RunningLeon commented 1 year ago

@vansin Hi, could you post here a config of convnext ?

vansin commented 1 year ago

https://github.com/open-mmlab/mmdetection/blob/master/configs/convnext/mask_rcnn_convnext-t_p4_w7_fpn_fp16_ms-crop_3x_coco.py

_base_ = [
    '../_base_/models/mask_rcnn_r50_fpn.py',
    '../_base_/datasets/coco_instance.py',
    '../_base_/schedules/schedule_1x.py', '../_base_/default_runtime.py'
]

# please install mmcls>=0.22.0
# import mmcls.models to trigger register_module in mmcls
custom_imports = dict(imports=['mmcls.models'], allow_failed_imports=False)
checkpoint_file = 'https://download.openmmlab.com/mmclassification/v0/convnext/downstream/convnext-tiny_3rdparty_32xb128-noema_in1k_20220301-795e9634.pth'  # noqa

model = dict(
    backbone=dict(
        _delete_=True,
        type='mmcls.ConvNeXt',
        arch='tiny',
        out_indices=[0, 1, 2, 3],
        drop_path_rate=0.4,
        layer_scale_init_value=1.0,
        gap_before_final_norm=False,
        init_cfg=dict(
            type='Pretrained', checkpoint=checkpoint_file,
            prefix='backbone.')),
    neck=dict(in_channels=[96, 192, 384, 768]))

img_norm_cfg = dict(
    mean=[123.675, 116.28, 103.53], std=[58.395, 57.12, 57.375], to_rgb=True)
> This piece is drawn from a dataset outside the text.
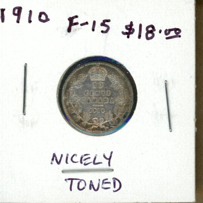 1910 Canadian Silver 10 Cents. The last 10 cents issued for King Edward VII. F-15. Nicely Toned.

# augmentation strategy originates from DETR / Sparse RCNN
train_pipeline = [
    dict(type='LoadImageFromFile'),
    dict(type='LoadAnnotations', with_bbox=True, with_mask=True),
    dict(type='RandomFlip', flip_ratio=0.5),
    dict(
        type='AutoAugment',
        policies=[[
            dict(
                type='Resize',
                img_scale=[(480, 1333), (512, 1333), (544, 1333), (576, 1333),
                           (608, 1333), (640, 1333), (672, 1333), (704, 1333),
                           (736, 1333), (768, 1333), (800, 1333)],
                multiscale_mode='value',
                keep_ratio=True)
        ],
                  [
                      dict(
                          type='Resize',
                          img_scale=[(400, 1333), (500, 1333), (600, 1333)],
                          multiscale_mode='value',
                          keep_ratio=True),
                      dict(
                          type='RandomCrop',
                          crop_type='absolute_range',
                          crop_size=(384, 600),
                          allow_negative_crop=True),
                      dict(
                          type='Resize',
                          img_scale=[(480, 1333), (512, 1333), (544, 1333),
                                     (576, 1333), (608, 1333), (640, 1333),
                                     (672, 1333), (704, 1333), (736, 1333),
                                     (768, 1333), (800, 1333)],
                          multiscale_mode='value',
                          override=True,
                          keep_ratio=True)
                  ]]),
    dict(type='Normalize', **img_norm_cfg),
    dict(type='Pad', size_divisor=32),
    dict(type='DefaultFormatBundle'),
    dict(type='Collect', keys=['img', 'gt_bboxes', 'gt_labels', 'gt_masks']),
]
data = dict(train=dict(pipeline=train_pipeline), persistent_workers=True)

optimizer = dict(
    _delete_=True,
    constructor='LearningRateDecayOptimizerConstructor',
    type='AdamW',
    lr=0.0001,
    betas=(0.9, 0.999),
    weight_decay=0.05,
    paramwise_cfg={
        'decay_rate': 0.95,
        'decay_type': 'layer_wise',
        'num_layers': 6
    })

lr_config = dict(warmup_iters=1000, step=[27, 33])
runner = dict(max_epochs=36)

# you need to set mode='dynamic' if you are using pytorch<=1.5.0
fp16 = dict(loss_scale=dict(init_scale=512))
RunningLeon commented 1 year ago

@SsTtOoNnEe Hi, could consider supporting this model in the future.